● What this task involves
Return the run of lines below that opens with the line containing "00:03:12 | 253.37 |" and closes with the line containing "新疆塔什庫爾干塔吉克自治縣縣城風貌(8月28日攝,無人機照片)。", keeping each one exact.

● Data supplied
┄┄┄┄┄┄┄┄┄┄
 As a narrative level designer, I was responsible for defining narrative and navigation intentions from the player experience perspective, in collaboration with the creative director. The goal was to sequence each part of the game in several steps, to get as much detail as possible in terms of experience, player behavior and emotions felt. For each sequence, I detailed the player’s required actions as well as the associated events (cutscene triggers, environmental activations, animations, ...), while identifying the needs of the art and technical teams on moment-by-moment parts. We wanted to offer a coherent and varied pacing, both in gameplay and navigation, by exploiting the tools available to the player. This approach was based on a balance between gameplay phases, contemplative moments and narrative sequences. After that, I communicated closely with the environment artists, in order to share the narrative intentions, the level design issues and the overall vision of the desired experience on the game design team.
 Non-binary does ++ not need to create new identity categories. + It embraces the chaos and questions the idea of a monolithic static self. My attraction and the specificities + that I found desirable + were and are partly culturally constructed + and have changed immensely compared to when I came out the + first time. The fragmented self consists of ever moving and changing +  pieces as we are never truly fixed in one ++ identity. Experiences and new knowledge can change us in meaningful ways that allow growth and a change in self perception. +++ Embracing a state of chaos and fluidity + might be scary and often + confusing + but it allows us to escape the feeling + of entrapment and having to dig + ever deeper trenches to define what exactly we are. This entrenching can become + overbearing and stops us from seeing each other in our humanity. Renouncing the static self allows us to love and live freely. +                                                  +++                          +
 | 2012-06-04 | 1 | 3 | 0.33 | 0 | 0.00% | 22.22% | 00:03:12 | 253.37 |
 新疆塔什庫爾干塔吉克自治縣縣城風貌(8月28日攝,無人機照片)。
┄┄┄┄┄┄┄┄┄┄
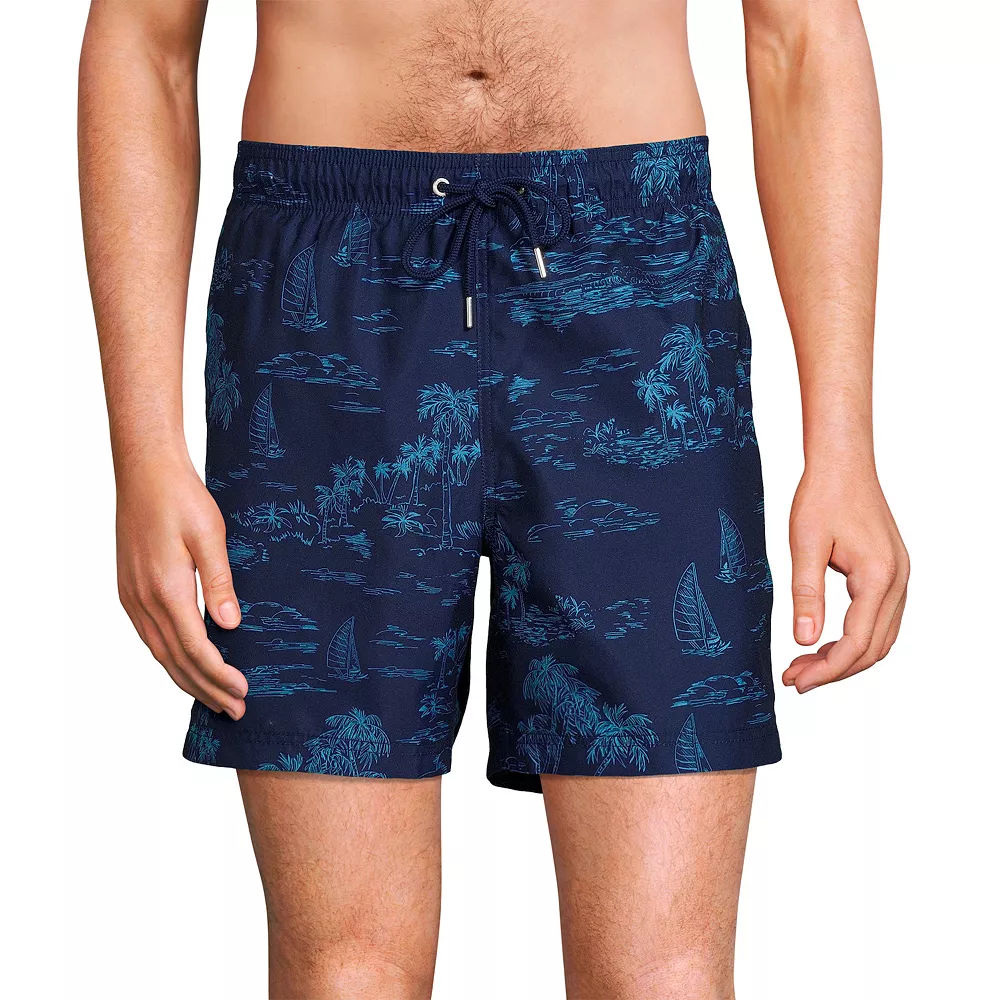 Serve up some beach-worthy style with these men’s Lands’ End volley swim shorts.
┄┄┄┄┄┄┄┄┄┄
● Response area
 | 2012-06-04 | 1 | 3 | 0.33 | 0 | 0.00% | 22.22% | 00:03:12 | 253.37 |
 新疆塔什庫爾干塔吉克自治縣縣城風貌(8月28日攝,無人機照片)。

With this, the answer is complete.